I have a pandas code and work with lot of datafiles. I use the following code to convert time delta to date time index.

df['date_time'] = ["2016-05-19 08:25:00","2016-05-19 16:00:00","2016-05-20 07:45:00","2016-05-24 12:50:00","2016-05-25 23:00:00","2016-05-26 19:45:00"]
df['date_time'] = pd.DatetimeIndex(df['date_time'])

But one particular data file gives me the error:

raise e
ValueError: Unknown string format

What could be the reason behind this error? If it is due to a invalid data in the datafile, how to remove it?

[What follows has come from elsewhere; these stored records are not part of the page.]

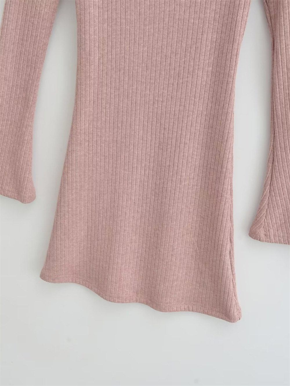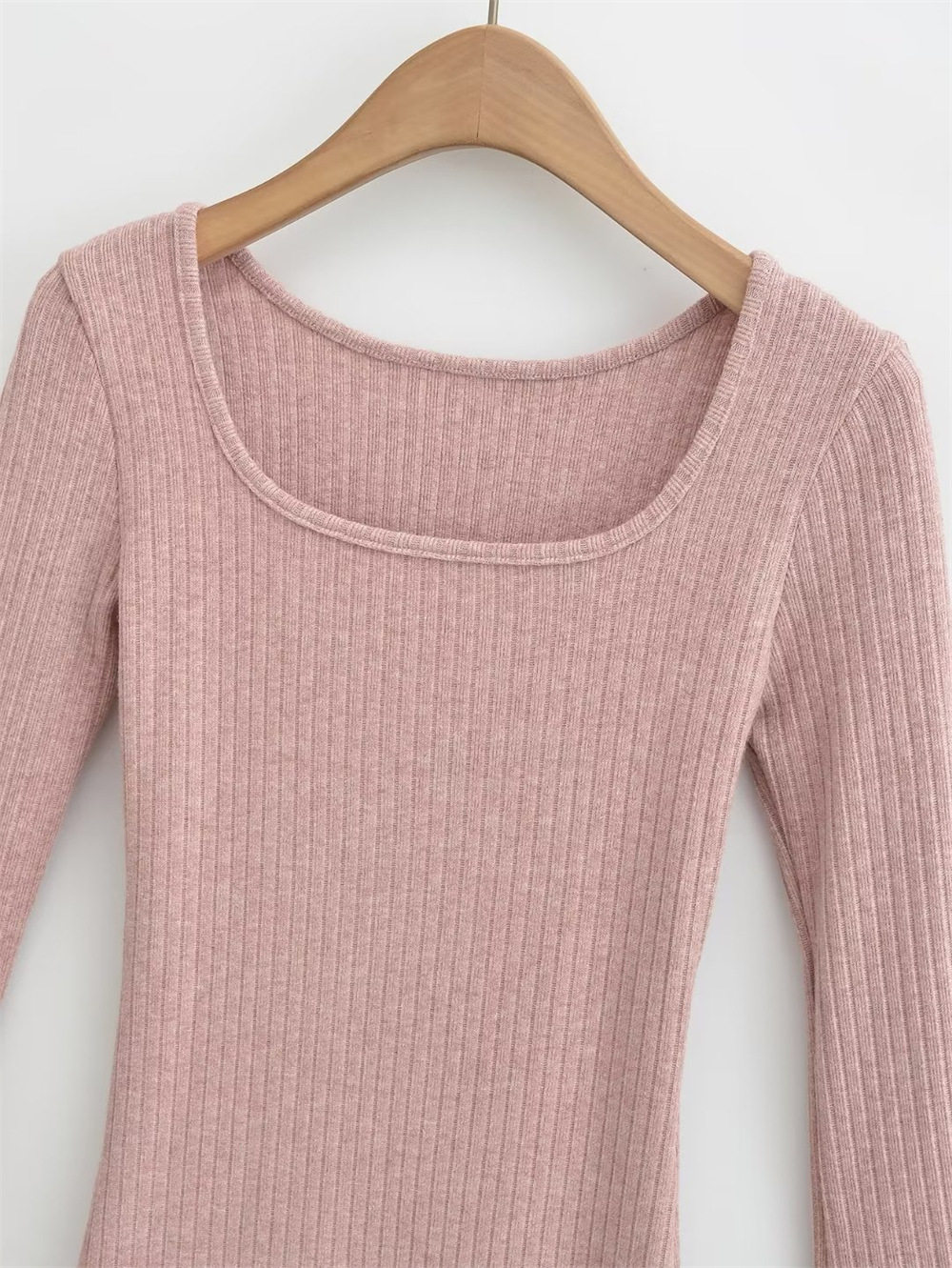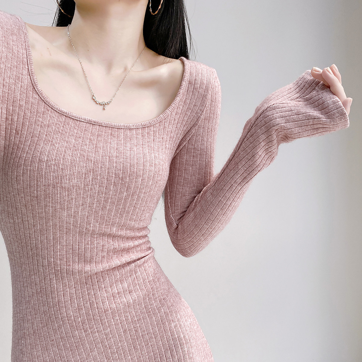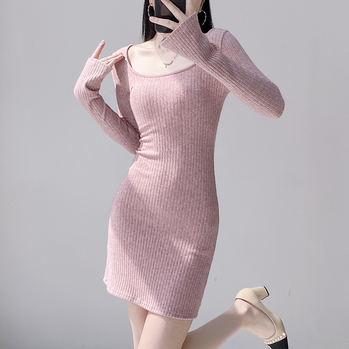 Pure Desire Square Neck Long Sleeve Knitted Dress Female Waist Sexy Hip Skirt Slim Threaded Inner Bottoming Short Skirt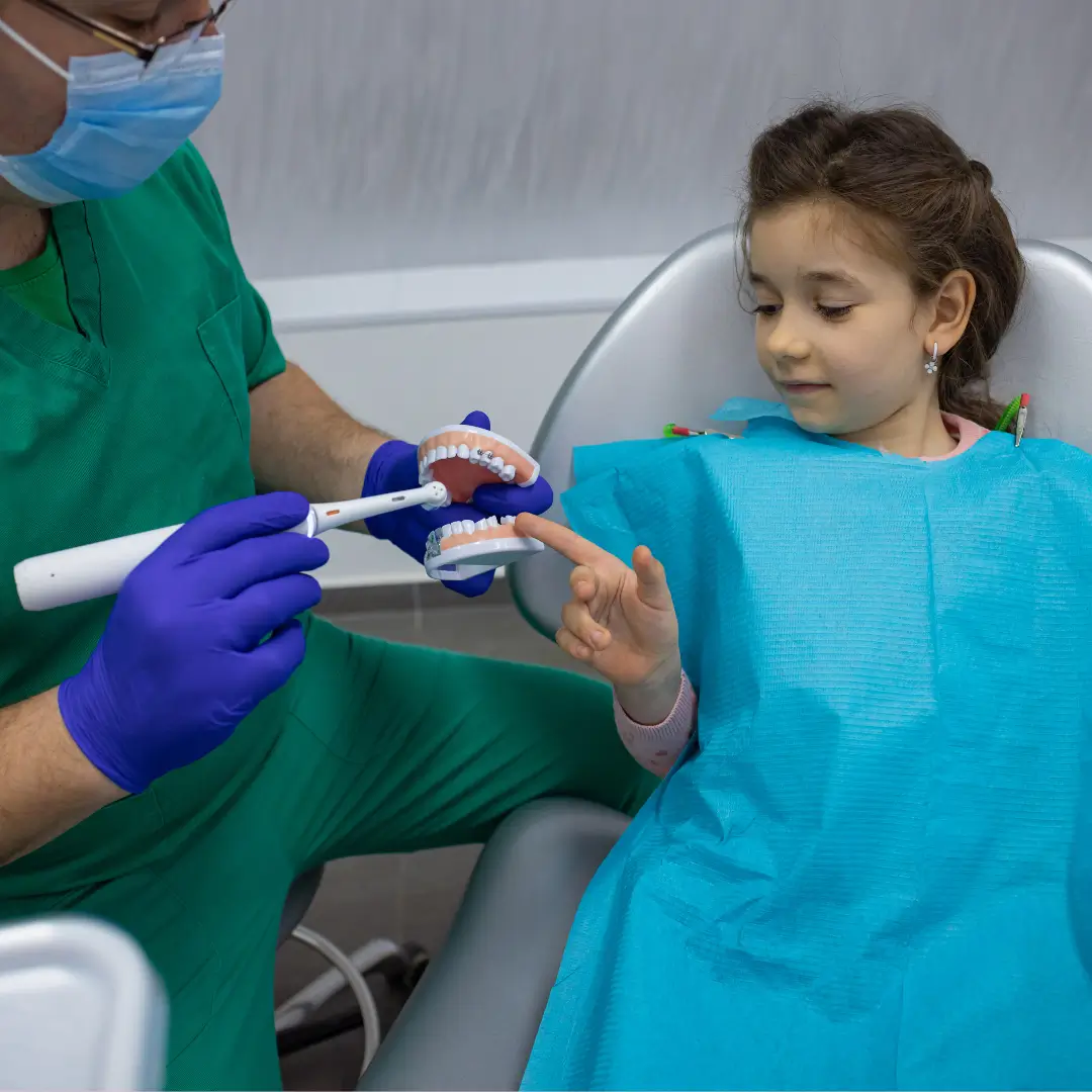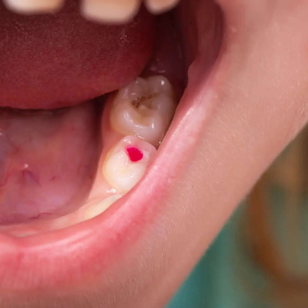Extracción segura de dientes temporales cuando es necesario, ya sea por caries o para facilitar la erupción de los dientes permanentes.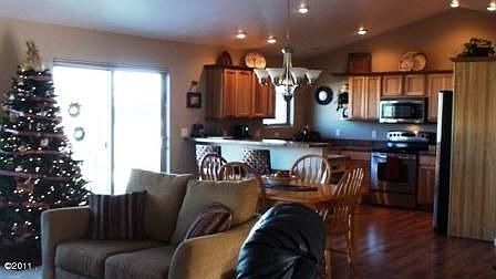 Wonderful newer home with an open floor plan,vaulted ceilings and 3+ garage. Main level features kitchen with hickory cabinets, s/s appliances, brkfst bar, dining area,laundry rm with lots of storage and master bed/bath with walk-in closet,double sinks & jetted tub. Family room downstairs with fireplace and brick surround & 2 lrg bedrms. Nicely landscaped,fenced yard with sprinklers,shed & dog run. Hickory cabinets in the kitchen. Lots of storage throughout! R19 insulation in the walls and R38 in the ceiling.

  • Can you add some sample data? – jezrael Jul 10 '17 at 13:51
  • The code actually works fine with most of the input data. But few input files shows this error. So i would like to know if it is due to the invalid data. If so, how to remove them –  Jul 10 '17 at 13:54
  • Not uncommon in my experience, especially if the data was loaded with an unknown encoding scheme. What happens if you first run it through a pd.to_datetime(df['date_time'])? In my experience, if you can isolate the offending string, you'll have your answer. – Adestin Jul 10 '17 at 13:58

1 Answers1

1

I think you need parameter errors='coerce' for convert non datetime to NaT in to_datetime:

df['date_time'] = pd.to_datetime(df['date_time'], errors='coerce')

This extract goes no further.